* [Information shown]:
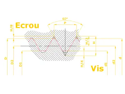 L'angle du filetage métrique étant de 60°, ce filetage a la forme d'un triangle équilatéral dont la profondeur H est fonction de la taille P du pas : H=√3P/2. Cependant, la valeur du diamètre intérieur d1 du boulon en fonction du diamètre nominal D et du pas P n'est pas exactement d1=D−2H, du fait de l'arrondi du filetage (valeurs H/8 et H/4 sur le schéma ci-dessous). On arrive ainsi à une valeur plus précise d1=D−2x(5H/8)=D-2x(5√3P/2)/8=D-5√3P/8, soit d1=D-1,0825×P. Pour être rigoureux, il s'agit d'une valeur approchée par excès de d1, puisque que le fond de filet du boulon est arrondi et non plat (la valeur H/4 utilisée dans ces calculs est un peu trop grande pour aller au fond du filet).
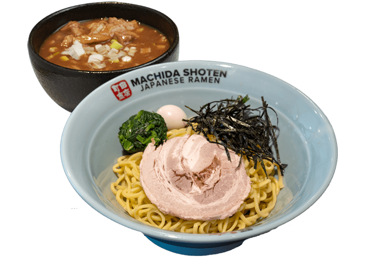 Dipping Style Ramen, Served with cold noodles, topped with a piece of chashu, spinach, quail egg and shredded nori.
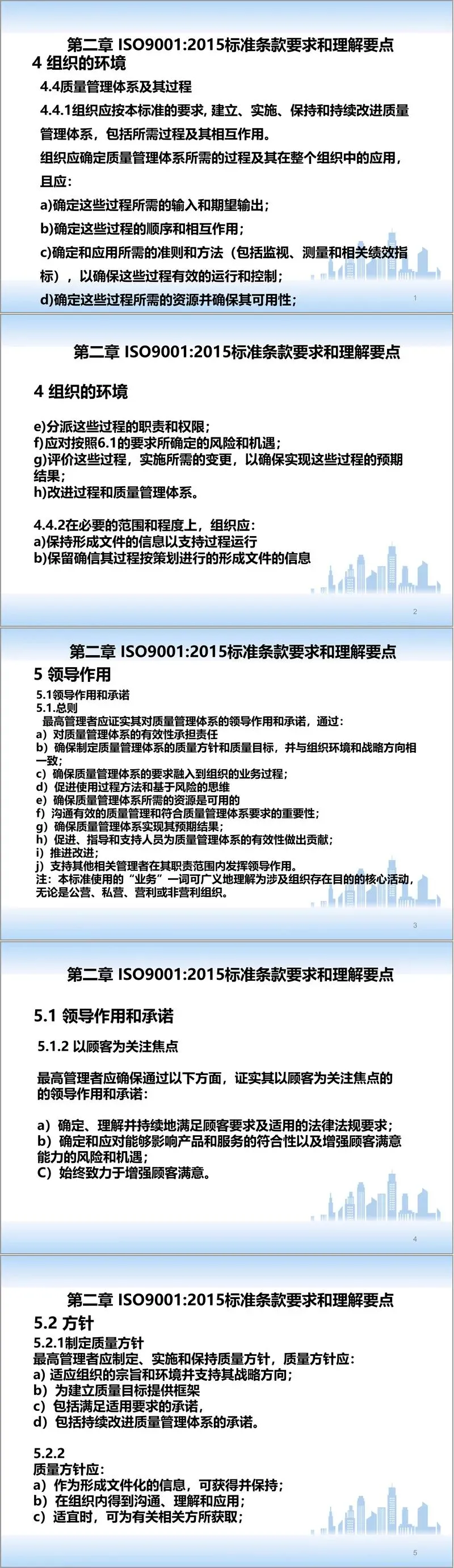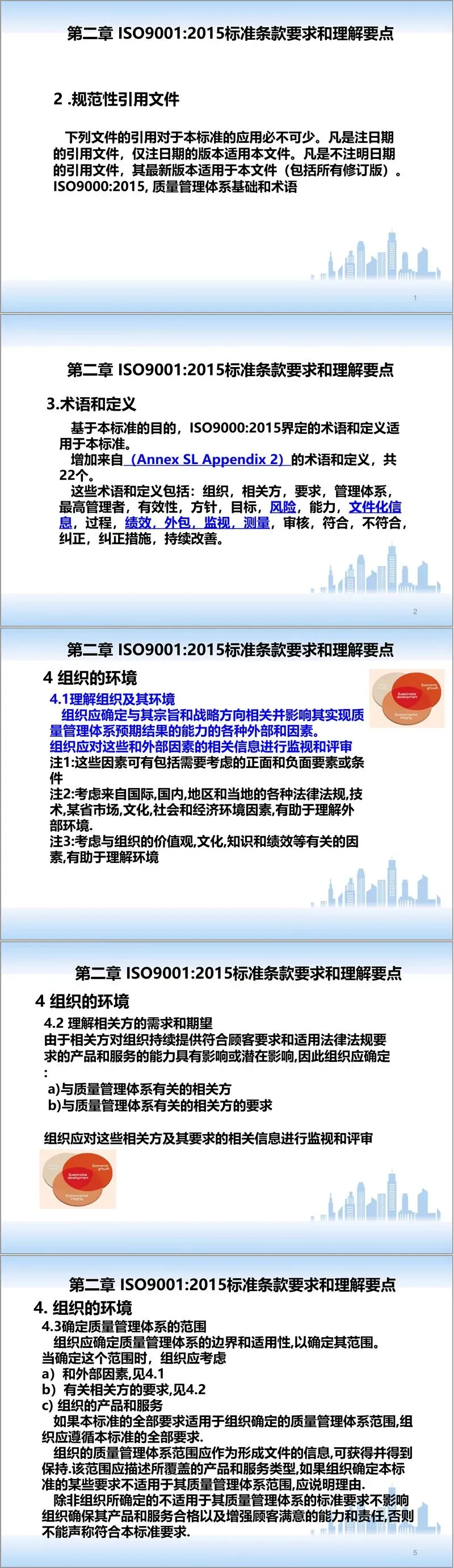 在具体条款解读部分,文件逐章展开,从“组织环境”到“改进”,详细阐述了每个章节的要求与实施要点。例如,第4章强调组织需识别内外部因素及相关方需求,以确定质量管理体系的范围与边界;第5章突出领导作用,要求最高管理者亲自推动体系融入业务、分配职责并促进以顾客为关注焦点;第6章聚焦策划,包括风险应对与质量目标设定;第7章涵盖资源、能力、意识与文件化信息的支持要求;第8章全面规范运行控制,从需求确认、设计开发到外部供方管理与生产服务提供;第9章强调通过监视、测量、分析与评价来审视体系绩效;第10章则着眼于改进机制,包括不合格处理与持续改进。整体来看,新版标准更注重体系的整体性、灵活性与结果导向,鼓励组织根据自身实际来构建真正增值的质量管理体系。

* [What you should do]:
Would you write out all of the data exactly as it stands, without the pictures?

* [Result below]:
 L'angle du filetage métrique étant de 60°, ce filetage a la forme d'un triangle équilatéral dont la profondeur H est fonction de la taille P du pas : H=√3P/2. Cependant, la valeur du diamètre intérieur d1 du boulon en fonction du diamètre nominal D et du pas P n'est pas exactement d1=D−2H, du fait de l'arrondi du filetage (valeurs H/8 et H/4 sur le schéma ci-dessous). On arrive ainsi à une valeur plus précise d1=D−2x(5H/8)=D-2x(5√3P/2)/8=D-5√3P/8, soit d1=D-1,0825×P. Pour être rigoureux, il s'agit d'une valeur approchée par excès de d1, puisque que le fond de filet du boulon est arrondi et non plat (la valeur H/4 utilisée dans ces calculs est un peu trop grande pour aller au fond du filet).
 Dipping Style Ramen, Served with cold noodles, topped with a piece of chashu, spinach, quail egg and shredded nori.
 在具体条款解读部分,文件逐章展开,从“组织环境”到“改进”,详细阐述了每个章节的要求与实施要点。例如,第4章强调组织需识别内外部因素及相关方需求,以确定质量管理体系的范围与边界;第5章突出领导作用,要求最高管理者亲自推动体系融入业务、分配职责并促进以顾客为关注焦点;第6章聚焦策划,包括风险应对与质量目标设定;第7章涵盖资源、能力、意识与文件化信息的支持要求;第8章全面规范运行控制,从需求确认、设计开发到外部供方管理与生产服务提供;第9章强调通过监视、测量、分析与评价来审视体系绩效;第10章则着眼于改进机制,包括不合格处理与持续改进。整体来看,新版标准更注重体系的整体性、灵活性与结果导向,鼓励组织根据自身实际来构建真正增值的质量管理体系。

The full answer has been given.